[Start of section]
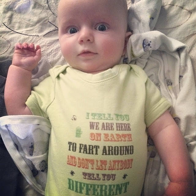 Here is a picture of the onesie that Natalie gave Solomon when he was born. It is as beautiful to me as the picture of that wild man above. A wonderful echo that just keeps echoing.
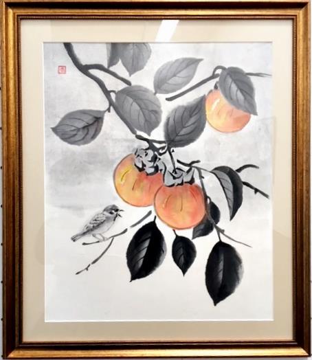 画 題:「晩秋」11月上旬の赤く色づいた柿を狙っている雀を描きました。
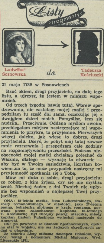 Archiwum / Listy sławnych ludzi nr 1398 (04/1972) 2/4 Podziel się Tytuł [Listy] Rubryka Listy sławnych ludzi Artykuł z numeru 1398 (4/1972) Data wydania 23 stycznia 1972 Tagi Ludwika Sosnowska Tadeusz Kościuszko
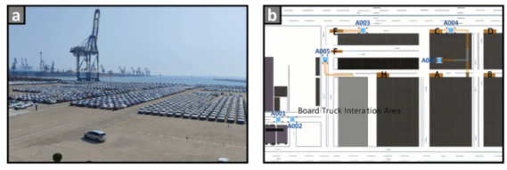 图9.烟台港堆场作业。 (a) 物理实验环境。 (b) 用于路径可视化和机器人状态的远程监控接口。
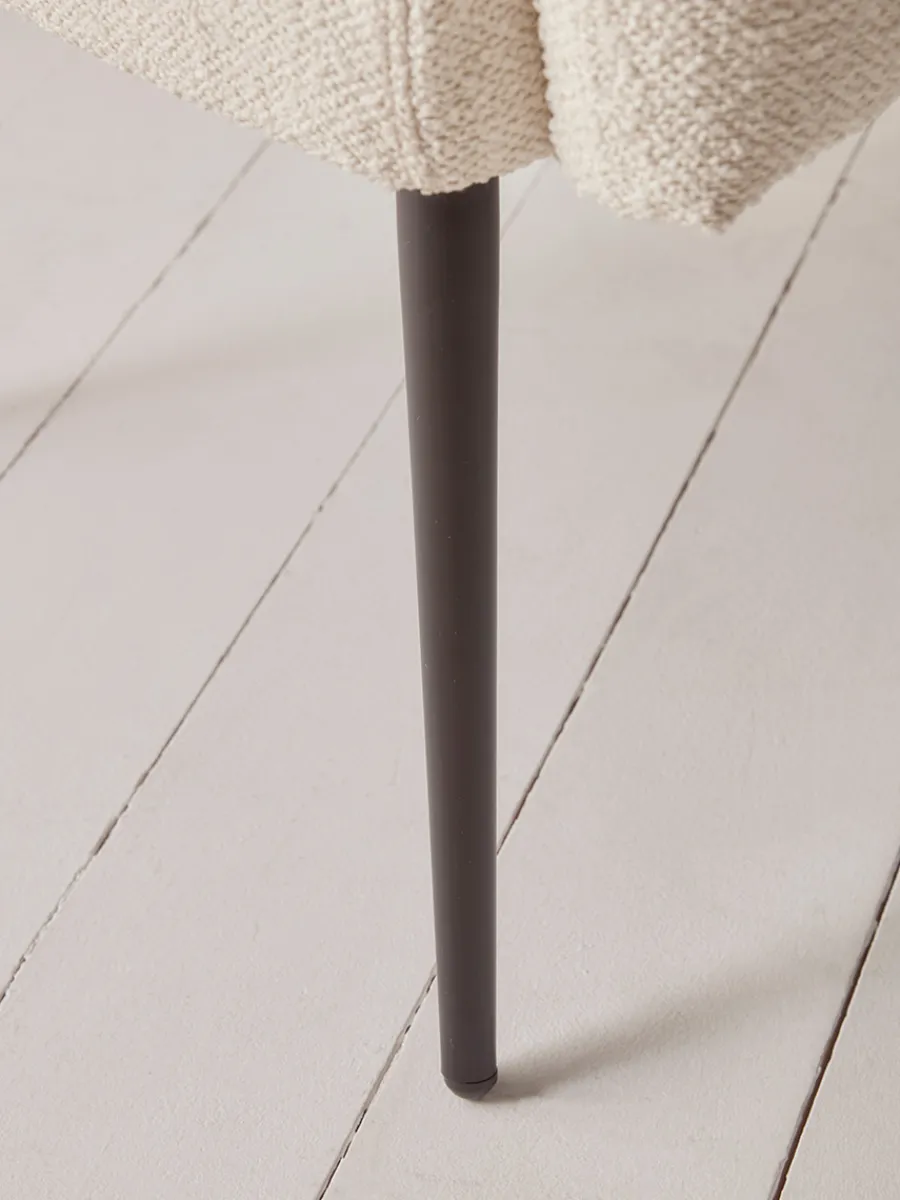 Chair with maple wood frame upholstered in polyester bouclé with foam and polyester fill, on metal legs
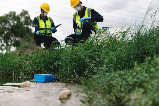 Chemical Tanks, Toxic Waste or Suspicious Pollutants Float on the Rotten Smelly Pond Water Sources Surface with Environmental Engineers Monitoring the Water Quality in the Background.
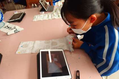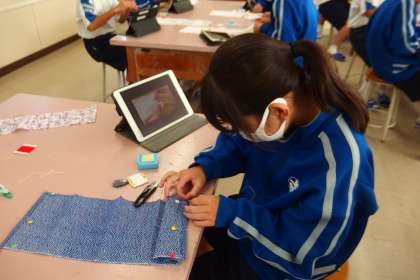 集中してまつり縫いの練習をしています。
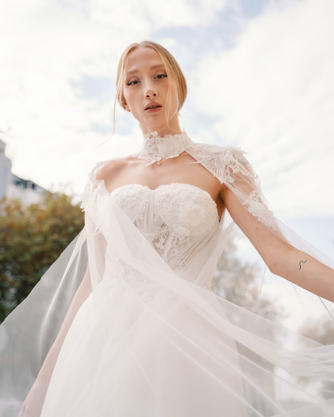 Cape görünümü veren tül detay tasarımı sıradanlıktan çıkarıp editorial bir şıklığa taşıyor.
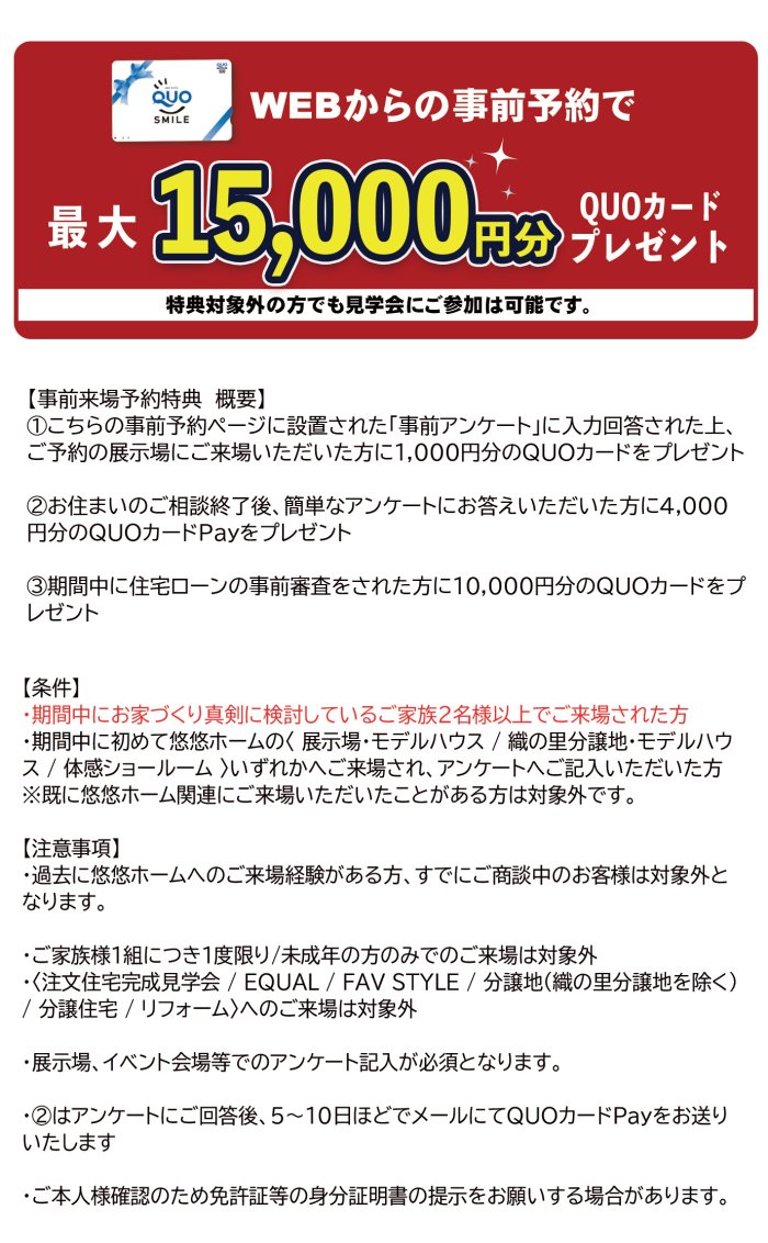 【特典】事前ご来場予約でQUOカード最大15000円分プレゼント!
[End of section]
Restate word for word, please, the line containing "Archiwum / Listy" and all lines after it through the end of the material; the pictures do not belong in the copy.

OUTPUT:
 Archiwum / Listy sławnych ludzi nr 1398 (04/1972) 2/4 Podziel się Tytuł [Listy] Rubryka Listy sławnych ludzi Artykuł z numeru 1398 (4/1972) Data wydania 23 stycznia 1972 Tagi Ludwika Sosnowska Tadeusz Kościuszko
 图9.烟台港堆场作业。 (a) 物理实验环境。 (b) 用于路径可视化和机器人状态的远程监控接口。
 Chair with maple wood frame upholstered in polyester bouclé with foam and polyester fill, on metal legs
 Chemical Tanks, Toxic Waste or Suspicious Pollutants Float on the Rotten Smelly Pond Water Sources Surface with Environmental Engineers Monitoring the Water Quality in the Background.
 集中してまつり縫いの練習をしています。
 Cape görünümü veren tül detay tasarımı sıradanlıktan çıkarıp editorial bir şıklığa taşıyor.
 【特典】事前ご来場予約でQUOカード最大15000円分プレゼント!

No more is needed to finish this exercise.